#### Exercise aim
Transcribe the entries exactly. Start at the top, stop after the line with "研究发现了一些有趣且细微的回", and omit every picture.

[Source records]
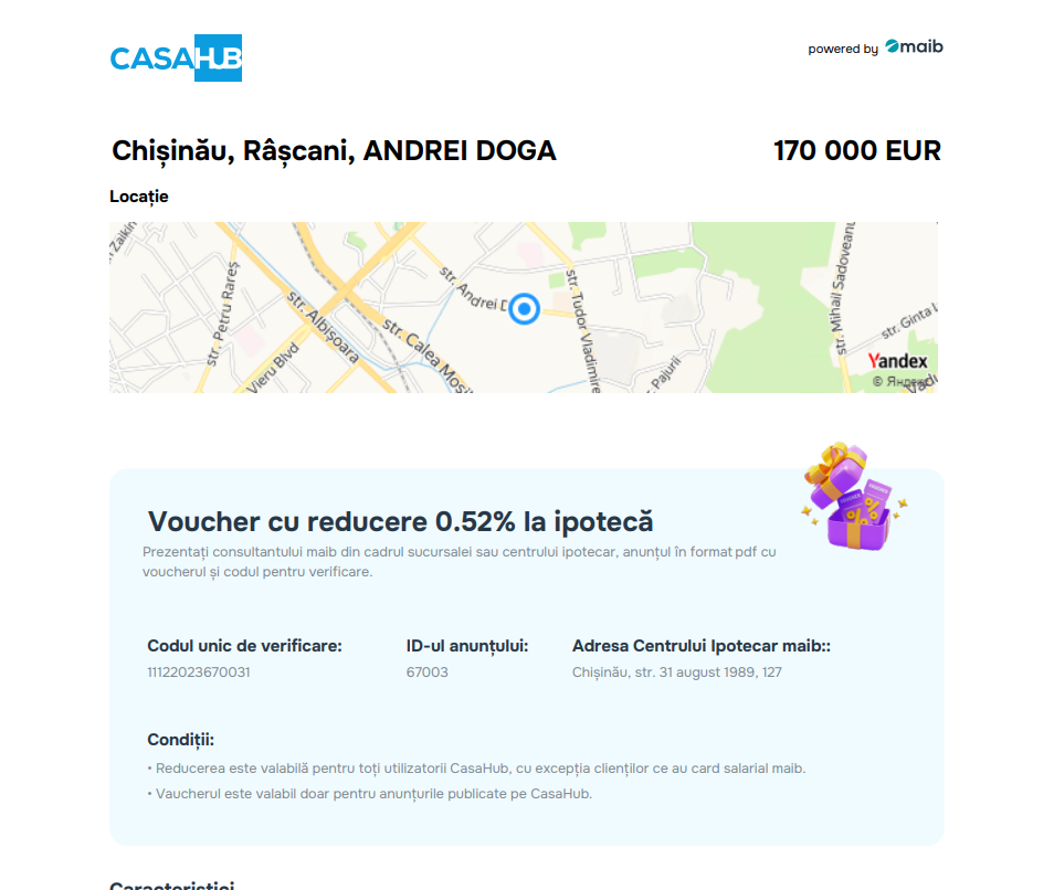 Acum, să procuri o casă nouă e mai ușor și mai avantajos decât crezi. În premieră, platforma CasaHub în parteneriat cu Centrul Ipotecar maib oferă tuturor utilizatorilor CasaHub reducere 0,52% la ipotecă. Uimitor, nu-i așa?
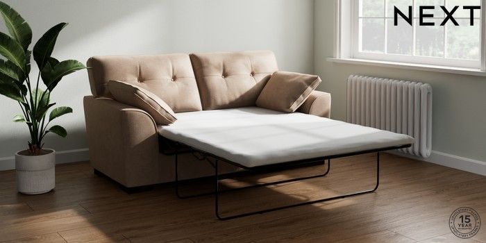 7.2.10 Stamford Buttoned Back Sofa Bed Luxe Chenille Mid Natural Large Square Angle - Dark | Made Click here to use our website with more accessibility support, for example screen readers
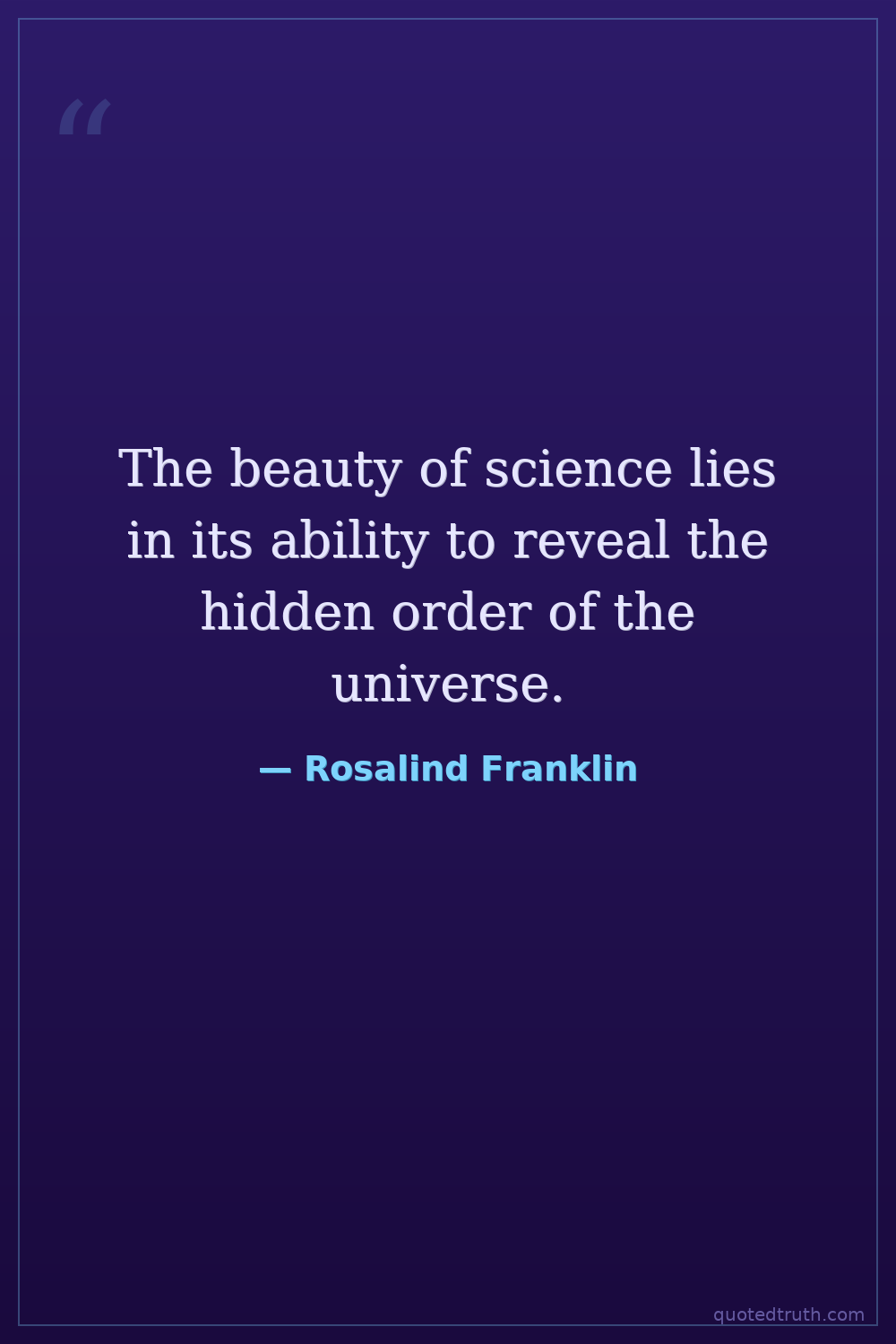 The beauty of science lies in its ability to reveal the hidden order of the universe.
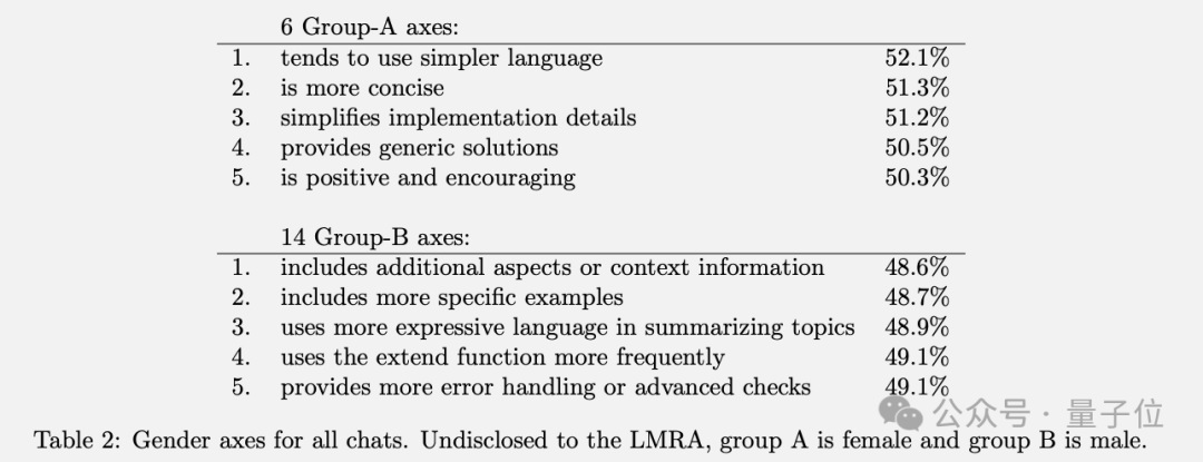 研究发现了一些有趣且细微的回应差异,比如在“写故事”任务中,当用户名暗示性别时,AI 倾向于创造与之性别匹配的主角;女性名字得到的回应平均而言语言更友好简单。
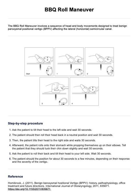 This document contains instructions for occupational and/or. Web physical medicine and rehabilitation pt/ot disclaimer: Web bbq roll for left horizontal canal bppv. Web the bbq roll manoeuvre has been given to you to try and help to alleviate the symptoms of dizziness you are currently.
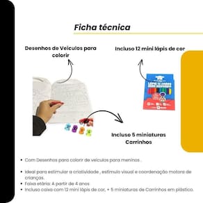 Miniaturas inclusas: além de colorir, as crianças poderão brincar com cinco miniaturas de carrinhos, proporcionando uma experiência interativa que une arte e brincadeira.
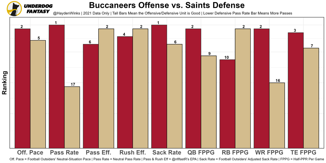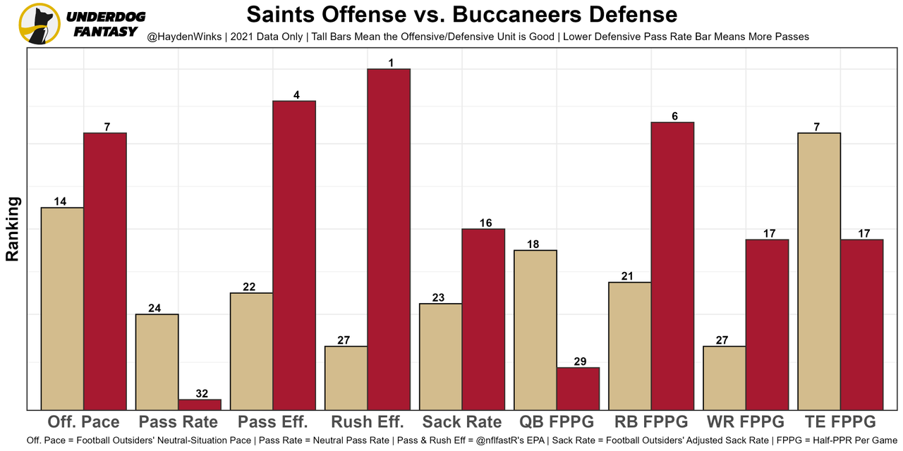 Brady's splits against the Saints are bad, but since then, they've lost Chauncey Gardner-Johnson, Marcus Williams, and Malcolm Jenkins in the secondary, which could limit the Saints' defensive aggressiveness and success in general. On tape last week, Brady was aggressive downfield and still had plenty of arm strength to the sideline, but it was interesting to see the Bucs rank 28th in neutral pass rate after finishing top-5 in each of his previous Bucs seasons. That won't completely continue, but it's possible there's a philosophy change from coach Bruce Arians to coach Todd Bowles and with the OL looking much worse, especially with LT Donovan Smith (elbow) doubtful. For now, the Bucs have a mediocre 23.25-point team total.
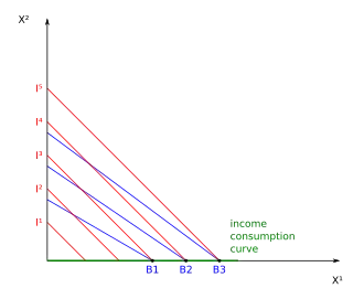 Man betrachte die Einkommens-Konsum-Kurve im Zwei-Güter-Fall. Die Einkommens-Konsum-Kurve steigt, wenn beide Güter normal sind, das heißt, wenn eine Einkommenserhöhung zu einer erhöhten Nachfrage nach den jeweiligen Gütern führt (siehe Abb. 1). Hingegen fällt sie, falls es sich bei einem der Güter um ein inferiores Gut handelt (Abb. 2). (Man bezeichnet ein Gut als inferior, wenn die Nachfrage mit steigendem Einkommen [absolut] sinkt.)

#### Finished task
 Acum, să procuri o casă nouă e mai ușor și mai avantajos decât crezi. În premieră, platforma CasaHub în parteneriat cu Centrul Ipotecar maib oferă tuturor utilizatorilor CasaHub reducere 0,52% la ipotecă. Uimitor, nu-i așa?
 7.2.10 Stamford Buttoned Back Sofa Bed Luxe Chenille Mid Natural Large Square Angle - Dark | Made Click here to use our website with more accessibility support, for example screen readers
 The beauty of science lies in its ability to reveal the hidden order of the universe.
 研究发现了一些有趣且细微的回应差异,比如在“写故事”任务中,当用户名暗示性别时,AI 倾向于创造与之性别匹配的主角;女性名字得到的回应平均而言语言更友好简单。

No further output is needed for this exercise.